La responsabilidad patrimonial de la Generalitat por la secesión catalana

La defensa del secesionismo catalán y la declaración unilateral de independencia provocaron una gran incertidumbre en distintos aspectos relacionados con la política y la economía. La inseguridad jurídica se terminó traduciendo en un cambio de domicilio de numerosas sociedades que tenían en Cataluña el centro principal de intereses y en otros eventos.

Algunos despachos de abogados están estudiando seriamente la posibilidad de presentar reclamaciones de responsabilidad patrimonial ante la Generalitat por los daños ocasionados por la Administración catalana por la declaración de independencia. El plan consistiría en exponer las peticiones de indemnización ante la entidad gubernativa para acudir a la vía judicial cuando ya se hubiera agotado la administrativa.

La Ley 40/2015 desarrolla las reglas de la responsabilidad patrimonial de las Administraciones Públicas, que se encuentra establecida en el artículo 106 de la Constitución. Los particulares tienen derecho a ser indemnizados por las Administraciones Públicas correspondientes, de toda lesión que hayan sufrido en cualquiera de sus bienes y derechos, siempre que la lesión sea consecuencia del funcionamiento normal o anormal de los servicios públicos salvo en los casos de fuerza mayor o de daños que el particular tenga el deber jurídico de soportar de acuerdo con la Ley. En todo caso, el daño que provoque la reclamación deberá ser efectivo, evaluable económicamente e individualizado con relación a una persona o grupo de personas.
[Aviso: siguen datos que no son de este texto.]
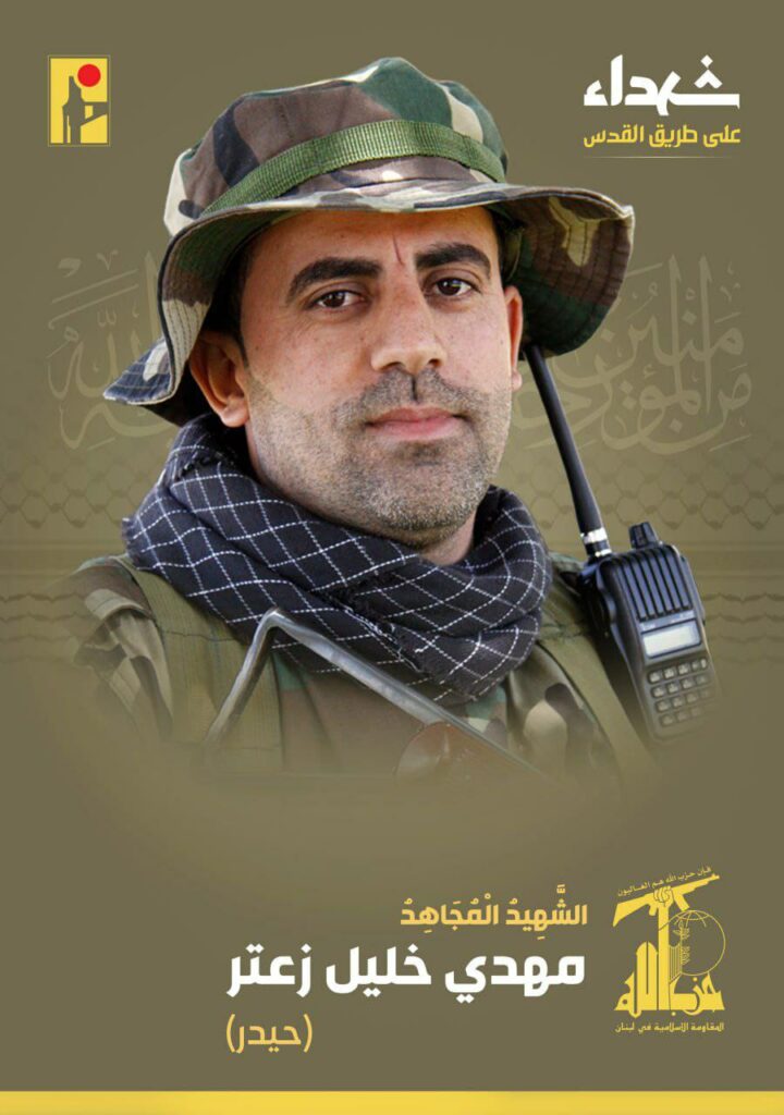 أصدرت المقاومة الإسلامية بياناً زفت فيه الشهيد مهدي خليل زعتر. وجاء في البيان: «بمزيد من الفخر والإعتزاز، تزف المقاومة الإسلامية الشهيد المجاهد مهدي خليل زعتر «حيدر» من بلدة مركبا في جنوب لبنان، والذي ارتقى شهيداً على طريق القدس».
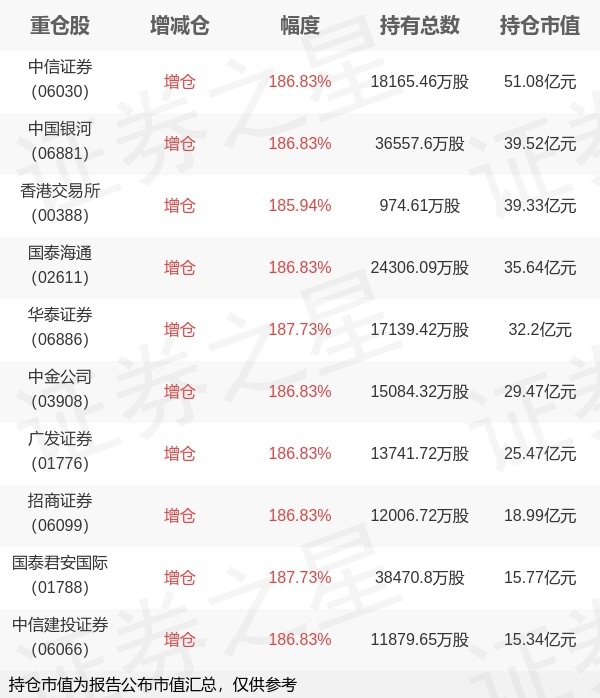 证券之星消息,10月28日易方达基金旗下宋钊贤管理的易方达中证香港证券投资主题交易型开放式指数基金公布三季报,近1年净值增长率59.85%。并对中信证券增仓11832.35万股,为该基金第一大重仓股;详细数据如下:
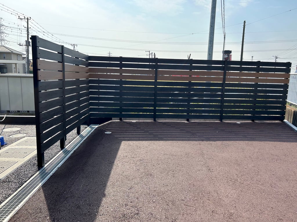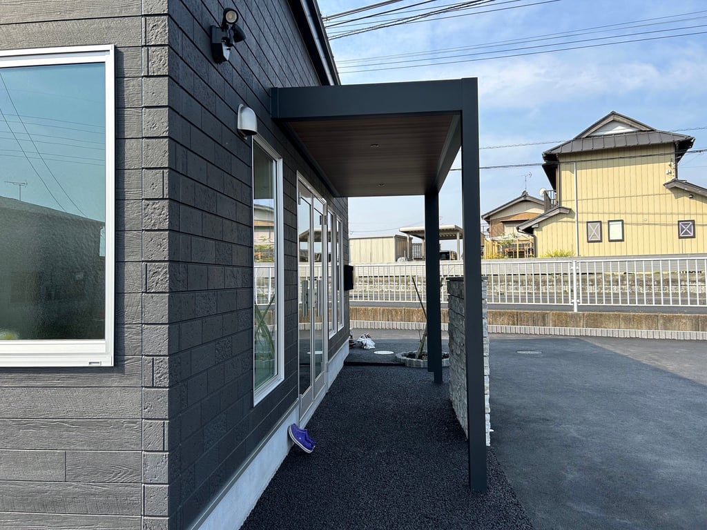 中古車新店舗の外構工事です。店舗入り口にはタカショーホームヤードルーフⅡを屋根代わりに設置しました。

Parece complicado que se puedan llegar a estimar demandas contencioso-administrativas por la declaración de independencia de Cataluña, aunque haya daños patrimoniales efectivos. Varios son los argumentos:

– Se requiere que el daño sea cuantificable. Sin embargo, no debe ser precisamente sencillo determinar la cuantía de la lesión patrimonial en la mayoría de los casos.

– Se necesita que la lesión patrimonial sea un sacrificio especial y singular, como indica Ana Fortes González, de modo que el perjudicado haya tenido que soportar un perjuicio individual y categórico que no tenía el deber jurídico de soportar. La declaración de independencia ocasionó daños a muchas personas, de manera que no se puede hablar de un perjuicio singular, ya que, como establece la Sentencia del Tribunal Supremo de 29 de enero de 1998, una carga colectiva o general carece de los condicionamientos de singularidad y gravamen individualizado que justificarían, sólo en su caso, el resarcimiento.

– Se requiere relación de causalidad e imputación objetiva, de modo que la actuación administrativa haya producido el daño, que debe atribuirse total o parcialmente al ente gubernativo. En este caso, podría decirse que hay dudas sobre el responsable, pues no hay que descartar que la Administración catalana pueda ser un sujeto perjudicado.

Cuando se habla de la responsabilidad civil, hay muchas cuestiones que pueden resultar controvertidas y difíciles de resolver. Aunque pueda pensarse que hay responsabilidad patrimonial de la Generalitat de Cataluña por la declaración de independencia, parece algo dudoso que se puedan conceder indemnizaciones por ese evento.